Boehringer Follows Dicerna NASH Deal With MiNA Tie-Up
Following its Nov. 2 collaboration with RNA-interference specialist Dicerna Pharmaceuticals Inc.to go after a difficult-to-reach target in non-alcoholic steatohepatitis (NASH), Boehringer Ingelheim GMBH doubled down on both the disease and RNA approach with a second NASH deal. The family-owned German firm unveiled an agreement with MiNA Therapeutics Ltd. on Nov. 8 to focus on up to three undisclosed targets in fibrotic liver disease.
Like the Dicerna pact (see roundup below), this one with UK RNA-activation specialist MiNA references fibrotic liver disease in general, but the primary disease focus is NASH, a burgeoning global unmet medical need that has drawn development and deal-making from dozens of companies in recent years. (Also see "Genfit May Be Gaining An Edge In NASH Race" - Scrip, 26 Oct, 2017.)

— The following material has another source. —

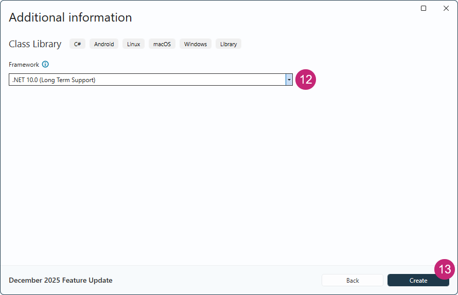 - In the Additional Information dialog box, from the Framework drop-down list, select .NET 10.0 (Long Term Support).
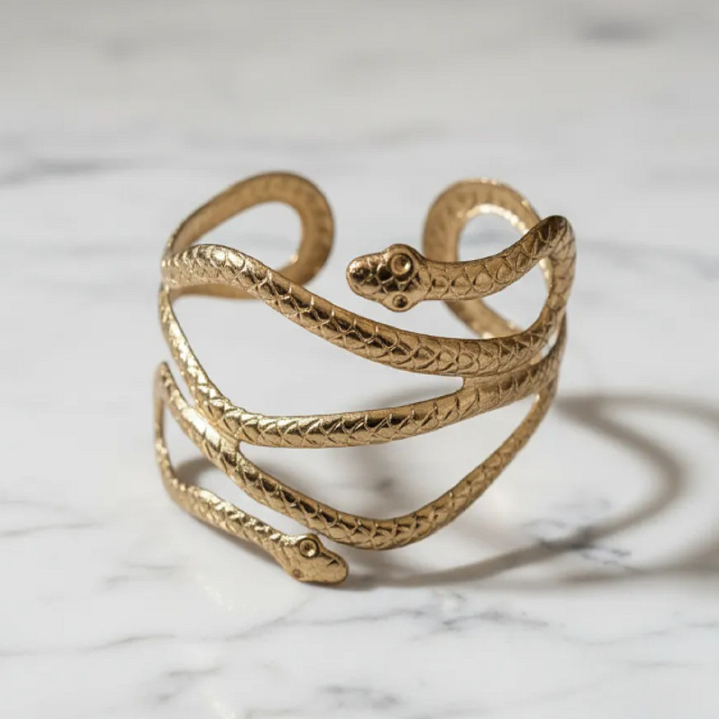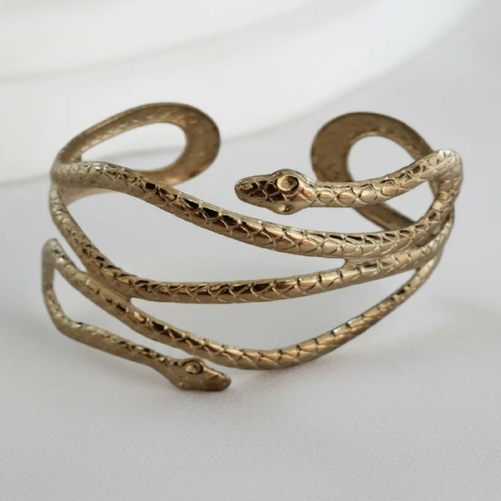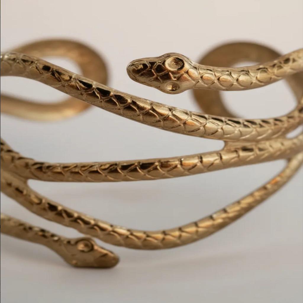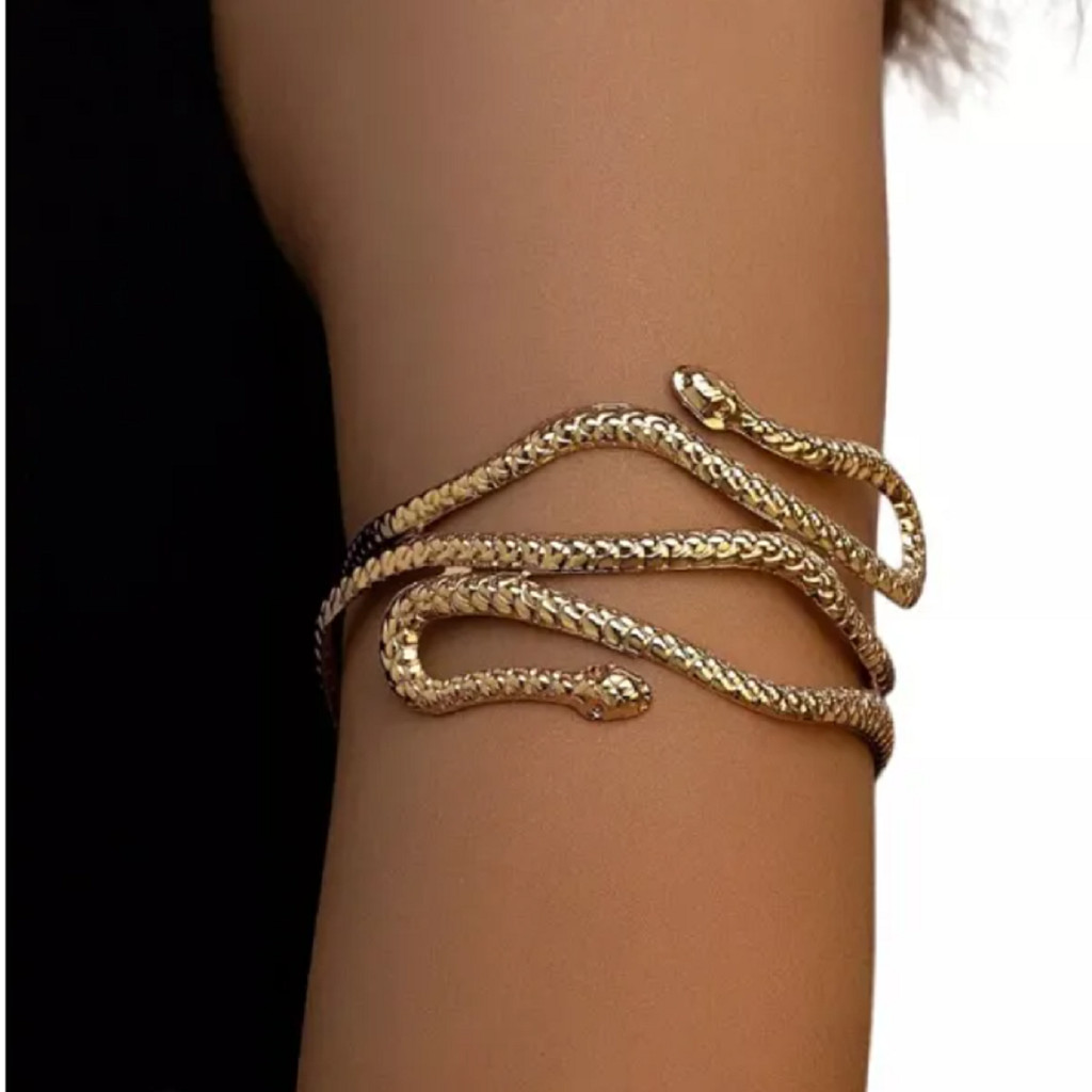 Bracelete Cobra De Metal Dourado Espiral Luxo Egípcio Grego Teatro Festas

BI said the partnership with MiNA will leverage the latter’s small activating RNA (saRNA) platform technology to prevent disease progression by restoring normal cell and organ function. The saRNA technology has the potential to activate transcription of specific genes that can up-regulate proteins of therapeutic potential.
Specifically, the collaboration will seek to identify targets to restore the metabolic function of hepatocytes and prevent fibrotic tissue formation in NASH patients, BI said. The pharma hopes the work will enable it to design, profile and develop novel compounds for NASH, including potential combination therapy partners for its other NASH candidates.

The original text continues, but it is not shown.